Metabolic consequences and predictability of ventricular fibrillation in hypoxia. A 31P- and 23Na-nuclear magnetic resonance study of the isolated rat heart

S Neubauer, JB Newell and JS Ingwall
NMR Laboratory for Physiological Chemistry, Department of Medicine, Brigham and Women's Hospital, Boston, MA 02115.
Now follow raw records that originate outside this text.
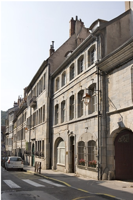
Vue d'ensemble du logis sur rue, de trois quarts droit.

25, Besançon, 22 rue Renan, lieudit : îlot Ronchaux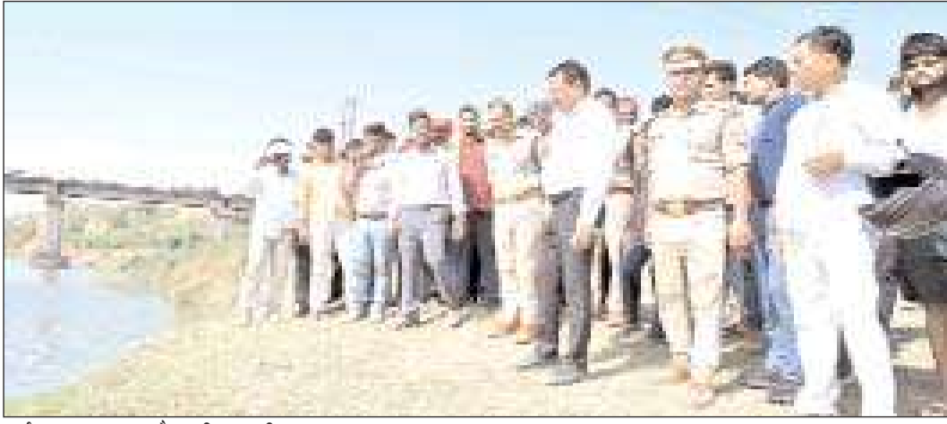
उर्ड : घटना स्थल पर मौजूद डीएम एसपी ।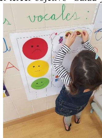
Ilustración 5: Semáforo de los alimentos.

Con esta actividad pretendemos concienciar a los niños y niñas de la importancia de la buena alimentación, así como reconocer aquellos alimentos saludables. Para ello, nos apoyaremos en un vídeo de Groovy el Marciano 1 desde el segundo 0:00 hasta 6:14 minutos. Además, con esta actividad se pretende que muchos de los niños y niñas cambien hábitos de alimentación ya que al almuerzo muchos de ellos no lo llevan saludable.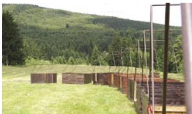
Stavba stanů první den tábora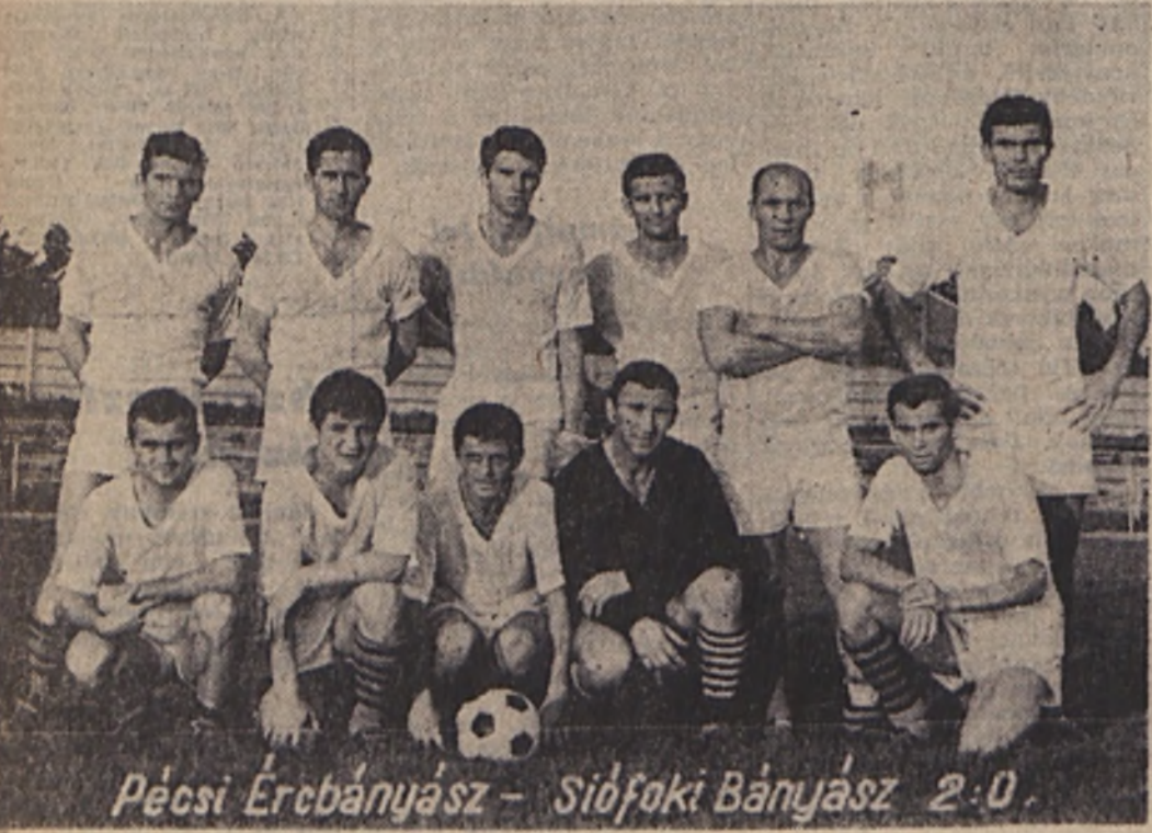
Pécsei Ercbányász - Sifokai Bányász 2:0

PÉCSI SZIKRA NYOMDA Pcs., Munkácsy Mihály u. 10. sz. F. V. J. Molles Rezső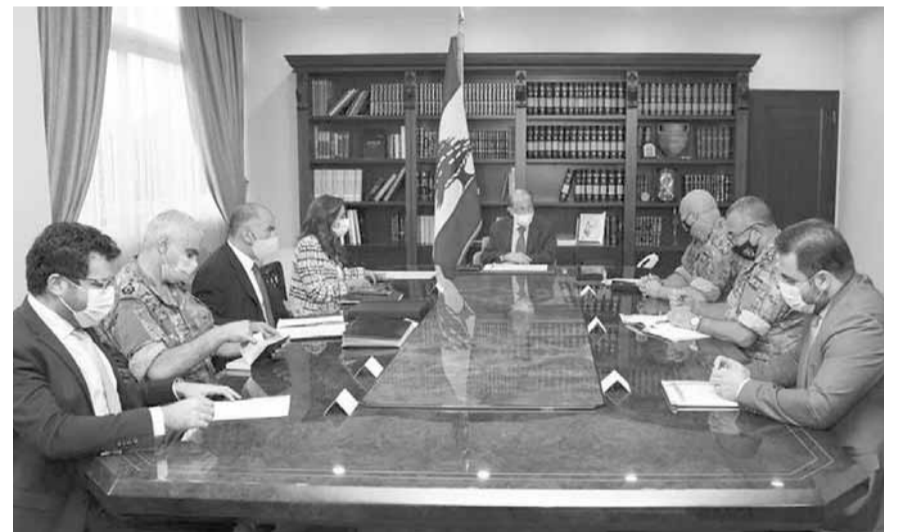
عون مجتمعاً مع أعضاء الوفد المفاوضات بحضور عكر وقائد الجيش

تركت المواقف التي أطلقها رئيس الحزب التقدمي الاشتراكي وليد جنبلاط سلسلة تساؤلات على اعتبار أنه رفع منسوب تصعيده تجاه الرئيس سعد الحريري، وبدا من الصعوبة بمكان عودة الأمور إلى مجاريها كما كانت الحال في مرحلة سابقة من التحالف بين الطرفين. وبالتالي، ينقل عن مصادر سياسية عليمة بان جنبلاط يعيش منذ فترة طويلة مرحلة غير

BACKGROUND. Ventricular fibrillation has deleterious metabolic and functional consequences for the heart. This study had two purposes: first, to define the effects of ventricular fibrillation during hypoxia on energy metabolism and accumulation of intracellular Na+ and, second, to test whether the occurrence of ventricular fibrillation can be predicted from functional or metabolic parameters. METHODS AND RESULTS. Isolated isovolumic rat hearts were perfused with oxygenated Krebs- Henseleit buffer at 37 degrees C. After a prehypoxic period, hearts were subjected to hypoxic perfusion (95% N2-5% CO2) for 30 minutes. High-energy phosphates and intracellular pH were determined by 31P- nuclear magnetic resonance (NMR) spectroscopy, and intracellular Na+ accumulation was followed by 23Na-NMR spectroscopy in combination with the shift reagent dysprosium triethylenetetraminehexa-acetate. Five of 10 (31P-NMR) and four of 10 (23Na-NMR) hearts developed spontaneous ventricular fibrillation at 19 +/- 2 minutes (31P-NMR) and 18 +/- 3 minutes (23Na-NMR) of hypoxia (ventricular fibrillation group), whereas other hearts (non-ventricular fibrillation group) remained beating throughout hypoxia. Cardiac function and high-energy phosphate content declined during hypoxia, and ventricular fibrillation exacerbated this decline significantly. Similarly, ventricular fibrillation exacerbated the accumulation of intracellular Na+ occurring during hypoxia. Statistical analysis showed that the event of ventricular fibrillation could be predicted from changes of end-diastolic pressure, rate- pressure product, and creatine phosphate content before ventricular fibrillation. However, the strongest predictor of ventricular fibrillation was intracellular Na+ accumulation, which occurred in ventricular fibrillation hearts throughout the hypoxic period long before ventricular fibrillation was initiated. CONCLUSIONS. Loss of systolic and diastolic functions, creatine phosphate depletion, and, in particular, intracellular Na+ accumulation may be causally related to induction of ventricular fibrillation during hypoxia, all of which are most likely linked to concomitant intracellular Ca2+ accumulation.